Вместе с тем Тевфик-бей не слишком сильно жаловался на внимание сына к антибиотикам. Хотя тот каждый день в большей или меньшей степени травил себя лекарствами, он все же продолжал жить. При этом с тех пор, как он поддался пустым опасениям, он избавился от излишнего любопытства, свойственного его натуре. Больше он не вытягивал манерно мизинец на правой руке «на длину четырех алифов»
[96]; больше он не говорил о своей знакомой молодой графине из Толедо и ее матери, которая была совершенно charmante
[97]; не говорил он и о том, как ровны и чисты улицы Бухареста; как прекрасен пляж в Варне; больше он не расхваливал ту отличную гарсоньерку, которая удостоилась чести, что в нее однажды вечером привели служанку самой Мистангет
[98], когда он служил вторым секретарем посольства в Париже; не расхваливал пансион сразу за Вильгельмштрассе, где они нос к носу сталкивались с Эмилем Яннингсом
[99], когда тот с сигарой в зубах выходил пройтись после обеда, ведя за собой большую собаку. Он даже позабыл о блондинке с большими голубыми глазами из того пансиона, которая закапывала глаза каплями, безумно восхищалась Вагнером, а когда она читала наизусть Гейне, голос ее дрожал; он позабыл, что вместе они совершили бесподобное путешествие в Тироль, и все тюркю, которые он пел ей под луной. Все стерлось из его памяти: недельный отпуск, который он провел в шато одного бывшего османского подданного в нескольких часах езды от Пешта; те старые кресла с высокими спинками; охотничьи собаки, лошади, поле, на котором убирают хлеб, напоминавшее не столько настоящее поле, сколько декорацию из оперетты с участием Марты Эггерт
[100]; венские кофейни, изящных женщин, бесконечные разговоры о Моцарте — короче говоря, все разнообразные удовольствия от сладкой музыки и дешевых чувств.

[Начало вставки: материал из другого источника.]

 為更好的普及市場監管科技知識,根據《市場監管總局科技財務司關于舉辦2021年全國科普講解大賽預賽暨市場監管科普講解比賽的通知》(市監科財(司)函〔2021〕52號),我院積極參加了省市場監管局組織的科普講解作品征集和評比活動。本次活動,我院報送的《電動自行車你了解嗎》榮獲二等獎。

Сейчас он каждый вечер шел домой с тщательно сложенным элегантным свертком, в котором лежал очередной справочник по лекарствам; дома разворачивал обертку так, словно чистил неизвестный тропический фрукт, открывал справочник и принимался читать его с улыбкой и восхищением, со светом в глазах и улыбкой на губах, как бывает у истинных правоверных, когда они видят, как аккуратно, словно часы, по воле Бога работает Вселенная.

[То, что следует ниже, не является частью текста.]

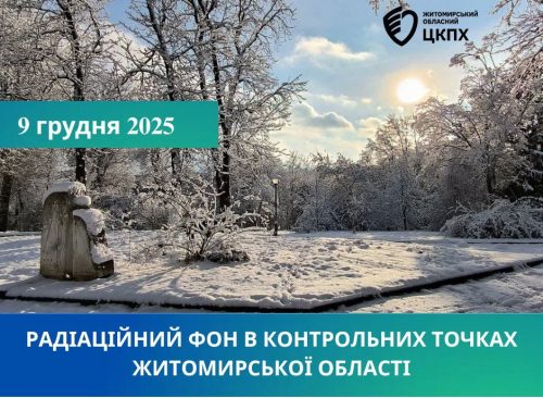 ДУ «Житомирський обласний центр контролю та профілактики хвороб МОЗ України» повідомляє, що станом на 09.12.2025р. було проведено щоденний дозиметричний контроль міст Житомирської області.

Мюмтаз знал Яшара по его и Ихсана общим друзьям в Париже и немного по визитам к Адиле-ханым. Яшар служил в Министерстве иностранных дел, и в 1925–1926 годах всем своим видом олицетворял самое блестящее будущее тех лет, однако с тех пор, как по причине предательства одного друга семьи он потерял должность советника-посланника в одной маленькой миссии, а еще точнее, с тех пор, как, вместо того чтобы отправиться в крупный европейский город на вакантную должность посланника, он поехал на должность первого секретаря в один из маленьких балканских городов, он начал говорить о подозрениях на болезнь, словно она была дана ему природой в качестве компенсации.